If the prompt purpose is vague, the output will be vague.

2. Prompt Type Layer

MWMS must choose the right prompt type for the task.

Not every task needs a large prompt.

Not every task should be broken into many prompts.

Prompt Type 1: Conversational Prompt

Used for:

exploration
brainstorming
early thinking
clarification
manual coaching
one-off analysis
interactive development

Weakness:

inconsistent
hard to automate
depends on human steering
poor as a reusable asset

Prompt Type 2: One Shot Prompt

Used for:

repeatable automations
standard tasks
structured outputs
system workflows
AI Employee operations
API calls

Strength:

reusable
testable
can be versioned
supports automation

Prompt Type 3: Atomic Prompt

Used for:

formatting
classification
tagging
small extraction
simple transformation
routing
binary decisions
sentiment detection

Examples:

“Classify this lead as qualified, unqualified, or needs review.”
“Extract the company name.”
“Add line breaks for mobile readability.”
“Return only JSON.”

Prompt Type 4: Compound Prompt

Used for:

complex writing
diagnostic reports
content generation
sales page analysis
structured research
multi-criteria reasoning
nuanced output control

Examples:

course absorption framework prompt
AIBS diagnostic report prompt
authority content generation prompt
LinkedIn Sales Navigator query parser
ad creative analysis prompt

Rule

Use the smallest prompt that reliably performs the task, but not smaller.

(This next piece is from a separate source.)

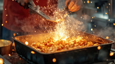 A captivating kitchen scene showcasing the dynamic moment of cooking with sizzling ingredients and vibrant sparks flying, creating a lively culinary atmosphere.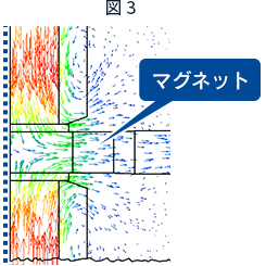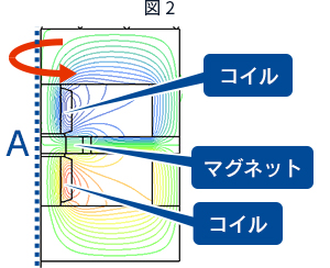図2、図3は指示軸Aを中心とした回転体と設定してマグネットに印可される磁界を解析したデータになります。上下のコイルに中心に向かって反発磁界を発生させ、マグネットを着磁する為の有効な磁界をラジアル方向に得ています。

3. Input And Variable Layer

A reliable prompt separates fixed instructions from dynamic inputs.

Fixed instructions should define the task.

Dynamic inputs should contain the changing data.

Common Dynamic Variables

Variables may include:

source text
transcript
buyer avatar
product name
offer details
client name
industry
target market
hook
outline
prior output
examples
tone
content type
platform
desired format
data record
CRM fields
campaign name
previous result
task metadata

Variable Design Questions

Ask:

What changes each run?
What stays the same?
Which variables are required?
Which variables are optional?
What happens if a variable is missing?
Does the model know where the input starts and ends?
Does the prompt separate instructions from data?
Can this be safely used in an automation?
Is the variable name clear to a developer or future AI Employee?

Variable Rule

Dynamic input must be clearly separated from prompt instructions.

4. Context And Knowledge Layer

AI needs context to reduce guessing.

The model is a pattern recognition and prediction system.

If MWMS does not provide the right patterns, the model will use generic patterns from training data.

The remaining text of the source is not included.